Ten years after its enactment, public support for the Affordable Care Act (ACA) still only reaches a scant majority. Candidates for the presidency—and the sitting president—have endorsed health reforms that would radically transition American health care away from the current system, upon which the ACA built. In Chapter 1, I use a 2019 nationally-representative telephone survey to evaluate how variations in political values, attitudes toward government, and experiences with the health care system relate to competing health reform preferences. Differences between those who favor “Medicare for All” over building on the ACA largely reflect different levels of satisfaction with the status quo and views of private health insurance. By contrast, differences between ACA supporters and those who favor would replace it with a state-based alternative reflect sharply different political values and attitudes. Key differences remain significant after controlling for demographic, health, and political characteristics. Overwhelming public support still eludes the ACA but reaching consensus on future directions for health reform will remain challenging given differences in underlying beliefs.

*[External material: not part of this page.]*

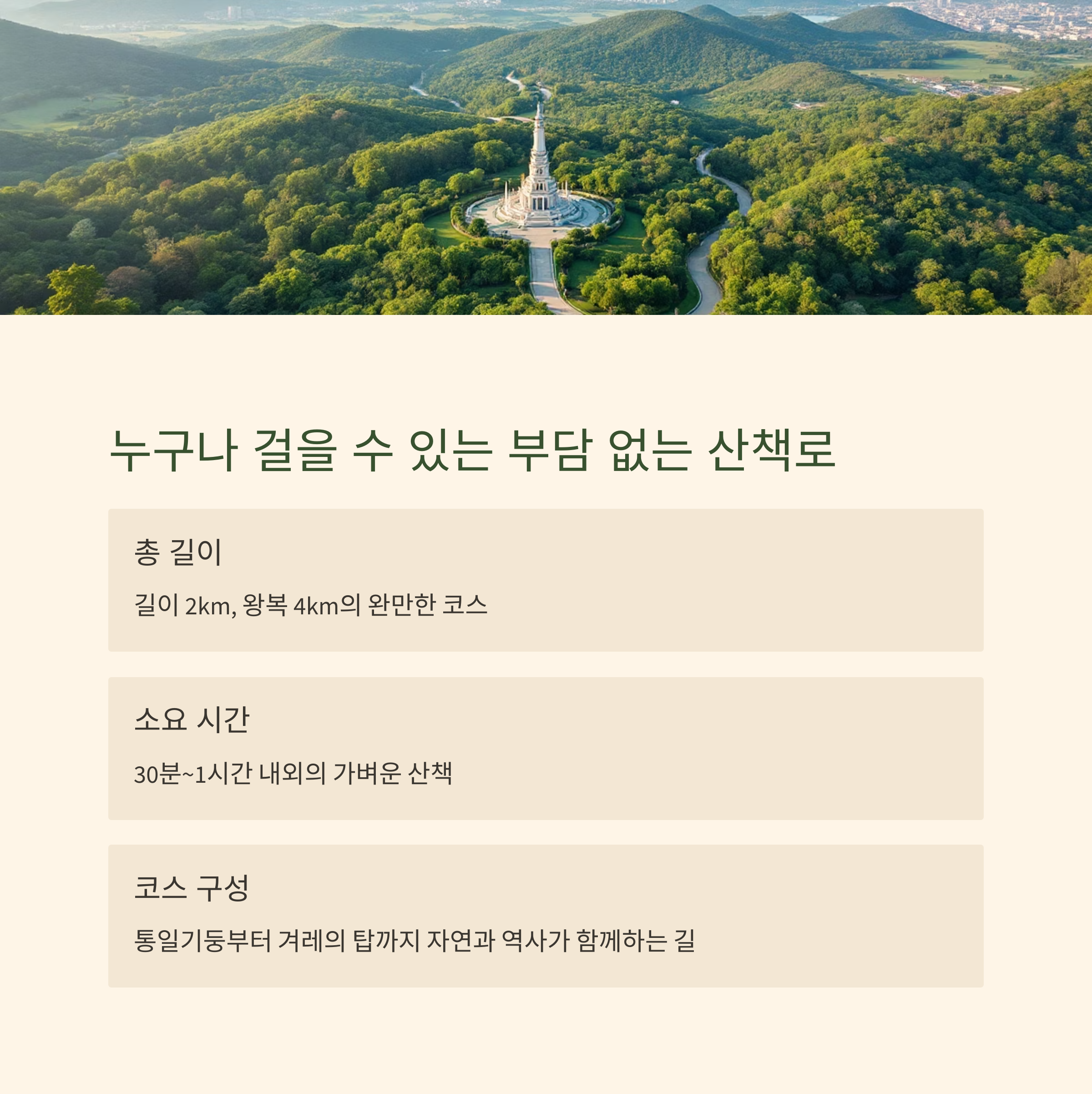 30분에서 1시간 정도 소요되어 가벼운 산책이나 가정 나들이 코스로 적합합니다.

The nongroup market for health insurance, which serves individuals who don’t have access to coverage through an employer or public programs, is known to experience high levels of churn. However, the reasons for disenrollment from this market are poorly understood. In Chapter 2, I aim to clarify these dynamics using an administrative data set from the Massachusetts Health Connector. To obtain causal estimates, I leverage a natural experience for the 2017 plan year and use an event-study approach to study enrollment consequences of introducing a nominal ( $10) premium for plans that previously did not require a monthly contribution from enrollees. I show that nearly one in five enrollees who face a new, nominal premium are terminated for nonpayment by the end of the new plan year. As a first-order matter, enrollment inertia is an important determinant of these outcomes; all affected enrollees had the option to switch into a zero-premium plan offered by a different carrier at the start of the plan year. Comparing termination rates across plans that imposed different-sized premiums suggests that this disenrollment is predominantly driven by the administrative burden of initiating and sustaining premium payments, though there does appear to be a modest role for affordability.
Chapter 3 uses the same administrative data set to evaluate how take-up of individual market insurance during the COVID-19 pandemic compared to enrollment during prior years. I show that new enrollees who entered the Massachusetts individual market during the COVID-19 special enrollment period were younger, on average, and more likely to enroll in unsubsidized coverage than mid-year enrollees in 2017-2019. I also offer suggestive evidence that the state's special enrollment period—which relaxed administrative burdens typically required to enroll mid-year—may have improved take-up of coverage.